AIM OF THE TASK: For every entry, reproduce the wording exactly and omit any image it holds.

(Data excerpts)
_ _ _ _

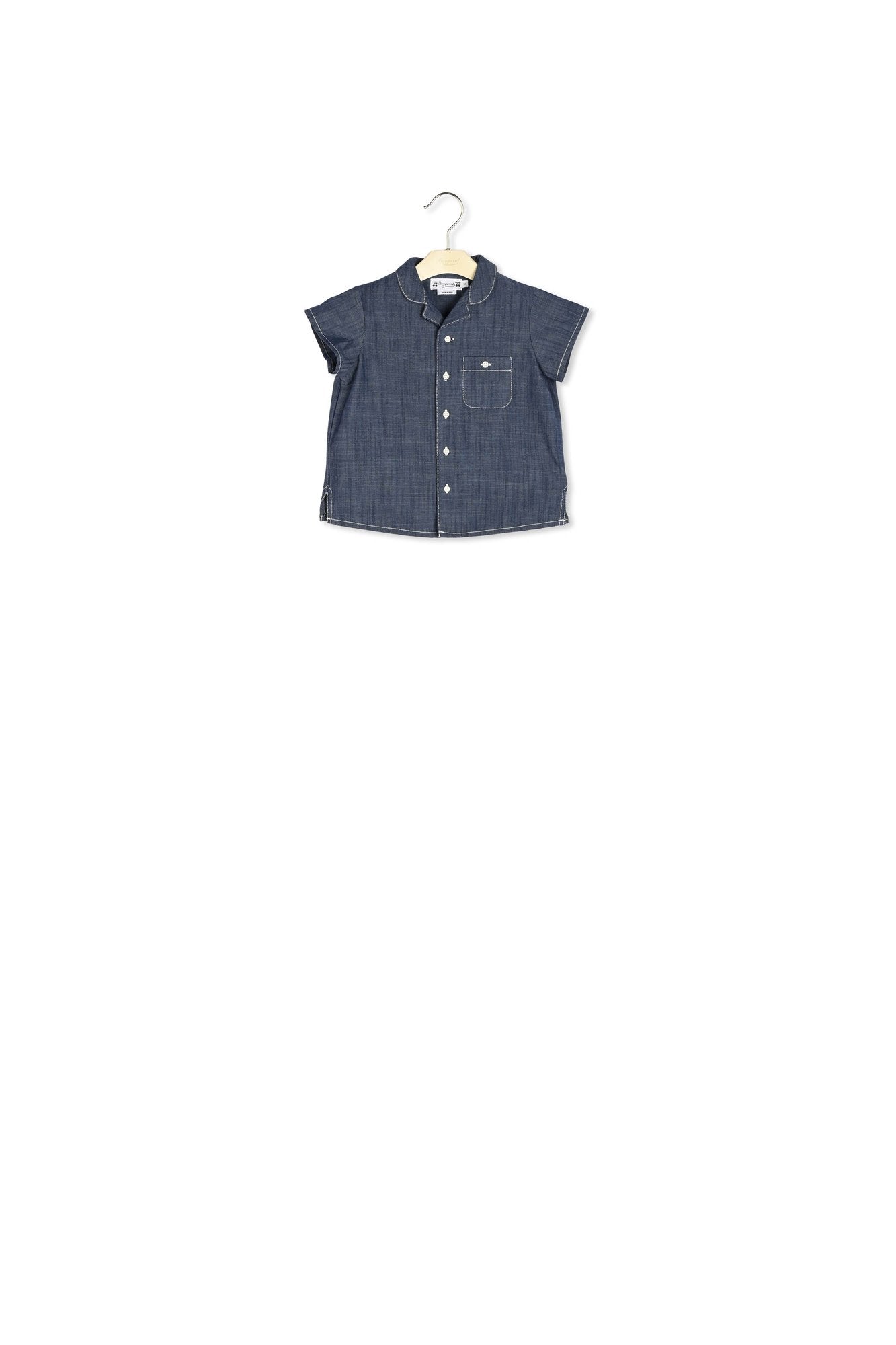 Tout en chambray, la chemise Gerald pour bébé se destine aux petits garçons. Ce modèle droit se fait remarquer par son col cranté à revers arrondi.
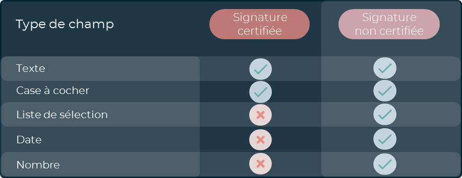 Avant de configurer vos interactions, vérifiez la compatibilité des types de champs selon votre niveau de signature :
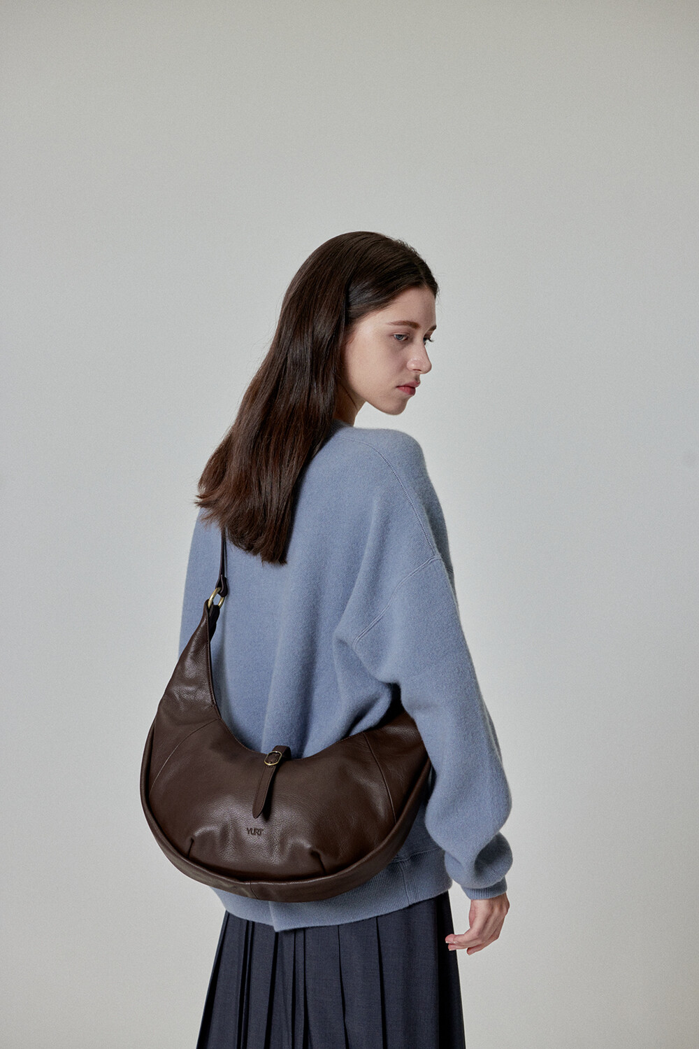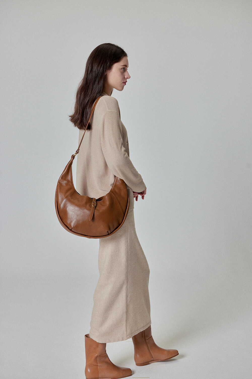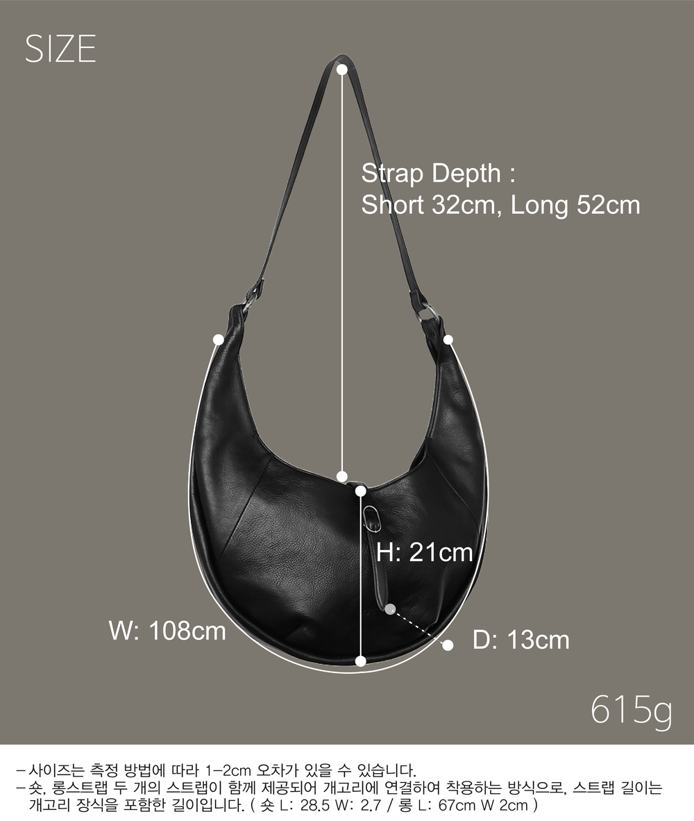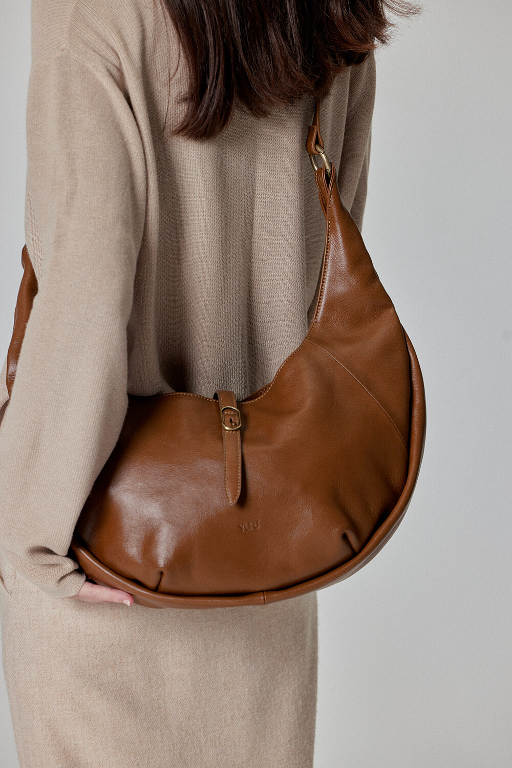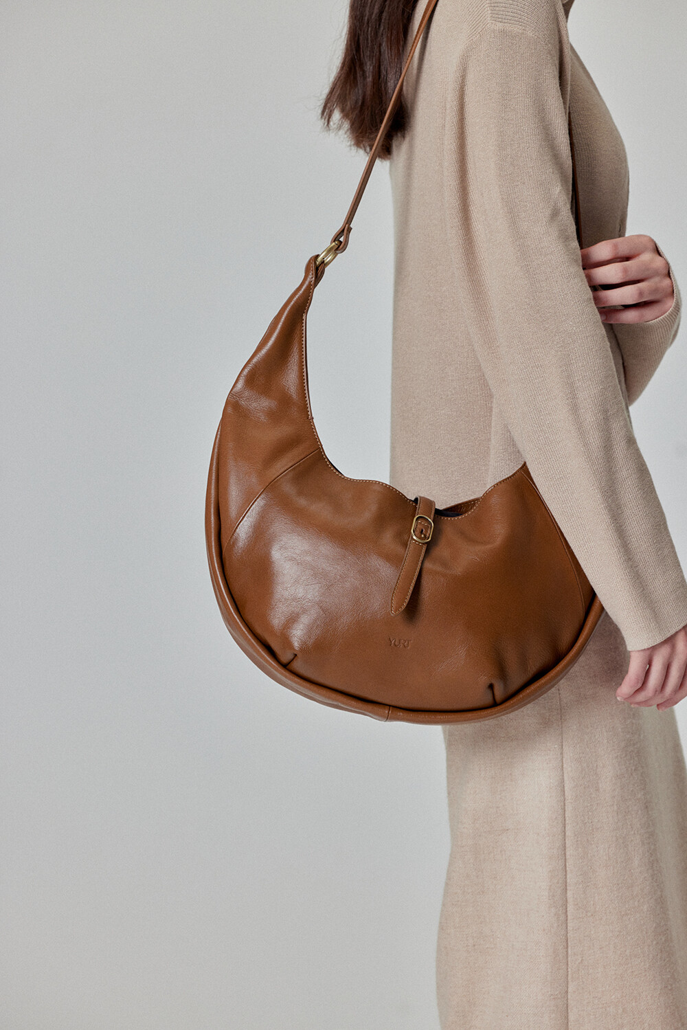 - 부드러운 소가죽에 다트를 잡아 형성한 반달형 실루엣과 볼드한 장식이 어우러진 호보백입니다.
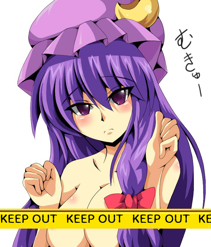 1girlblushbreastsbreasts squeezed togethercleavagecrescentcrescent hat ornamentfemale focushair ribbonhathat ornamentlong hairmedium breastsmukyuupurple hairribbonsolotopless female
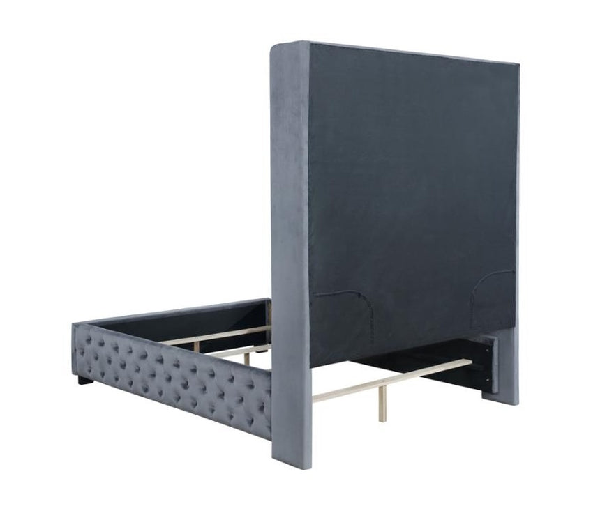 Create a stylish addition to your bedroom that's larger than life with this velvet upholstered bed. entirely wrapped in luxurious velvet, this panel bed is delightfully comfortable and glamorous. the headboard is constructed with vertical tufting that makes a modern impression in your sleeping space. this bed is supported on sturdy tapered legs that further enhances its appearance. crafted with durable and long-lasting pine wood.
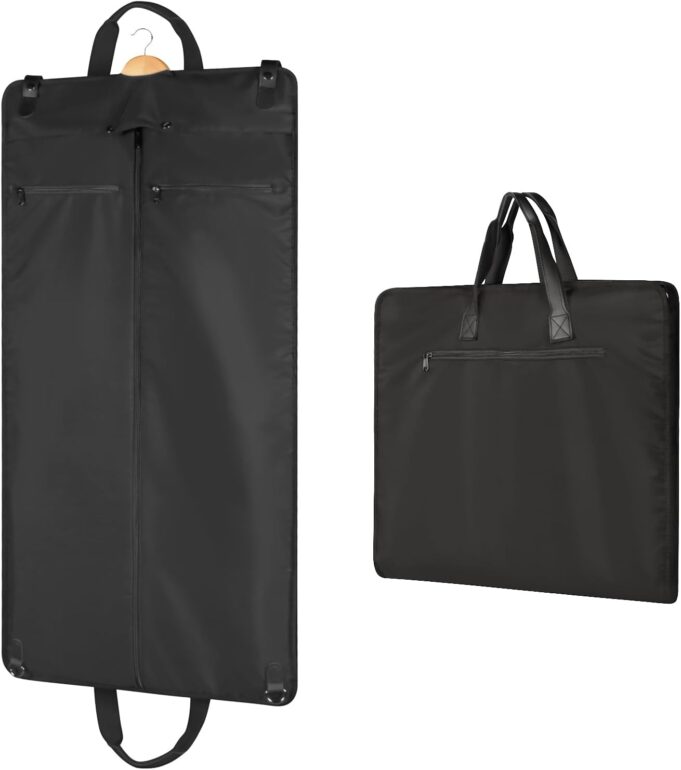 Foldable Travel Bag – This suit bag has 2 leather buckles that make it easy to fold the bag. Wide carry handles on top and bottom for easy attachment to rolling luggage for airport convenience. Its foldable design ensures that it compacts down efficiently, taking minimal storage space.
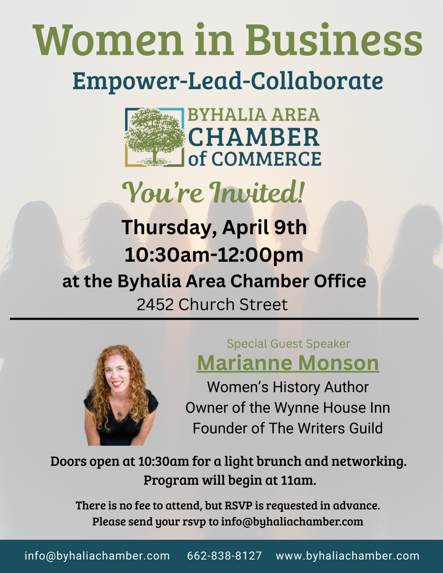 Join us Thursday, April 9th 10:30am-12:00pm for our first Women in Business designed to empower, lead and collaborate for success. We are excited to welcome Marianne Monson as our featured guest speaker this month! . Event will take place at the our office (2452 Church Street) and will include a light brunch and networking from 10:30am-11:00am, program will begin at 11:00am. There is no fee to attend, but RSVP is requested in advance. Please send your rsvp to info@byhaliachamber.com or register here online.
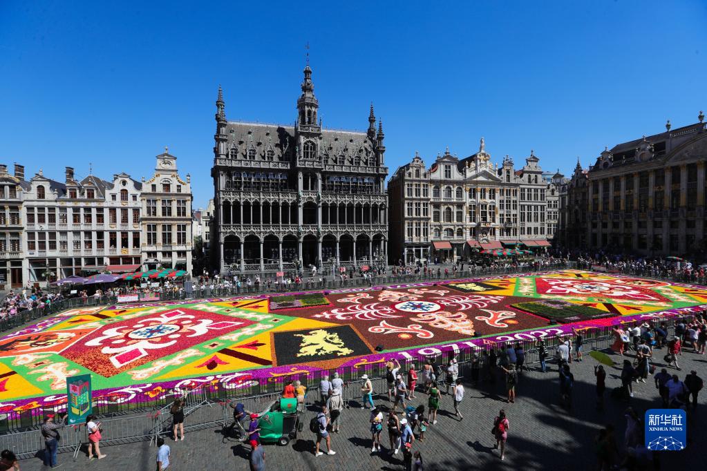 8月12日,民眾在比利時布魯塞爾大廣場參觀“鮮花地毯”。

_ _ _ _

ANSWER FOR THE TASK:
 Tout en chambray, la chemise Gerald pour bébé se destine aux petits garçons. Ce modèle droit se fait remarquer par son col cranté à revers arrondi.
 Avant de configurer vos interactions, vérifiez la compatibilité des types de champs selon votre niveau de signature :
 - 부드러운 소가죽에 다트를 잡아 형성한 반달형 실루엣과 볼드한 장식이 어우러진 호보백입니다.
 1girlblushbreastsbreasts squeezed togethercleavagecrescentcrescent hat ornamentfemale focushair ribbonhathat ornamentlong hairmedium breastsmukyuupurple hairribbonsolotopless female
 Create a stylish addition to your bedroom that's larger than life with this velvet upholstered bed. entirely wrapped in luxurious velvet, this panel bed is delightfully comfortable and glamorous. the headboard is constructed with vertical tufting that makes a modern impression in your sleeping space. this bed is supported on sturdy tapered legs that further enhances its appearance. crafted with durable and long-lasting pine wood.
 Foldable Travel Bag – This suit bag has 2 leather buckles that make it easy to fold the bag. Wide carry handles on top and bottom for easy attachment to rolling luggage for airport convenience. Its foldable design ensures that it compacts down efficiently, taking minimal storage space.
 Join us Thursday, April 9th 10:30am-12:00pm for our first Women in Business designed to empower, lead and collaborate for success. We are excited to welcome Marianne Monson as our featured guest speaker this month! . Event will take place at the our office (2452 Church Street) and will include a light brunch and networking from 10:30am-11:00am, program will begin at 11:00am. There is no fee to attend, but RSVP is requested in advance. Please send your rsvp to info@byhaliachamber.com or register here online.
 8月12日,民眾在比利時布魯塞爾大廣場參觀“鮮花地毯”。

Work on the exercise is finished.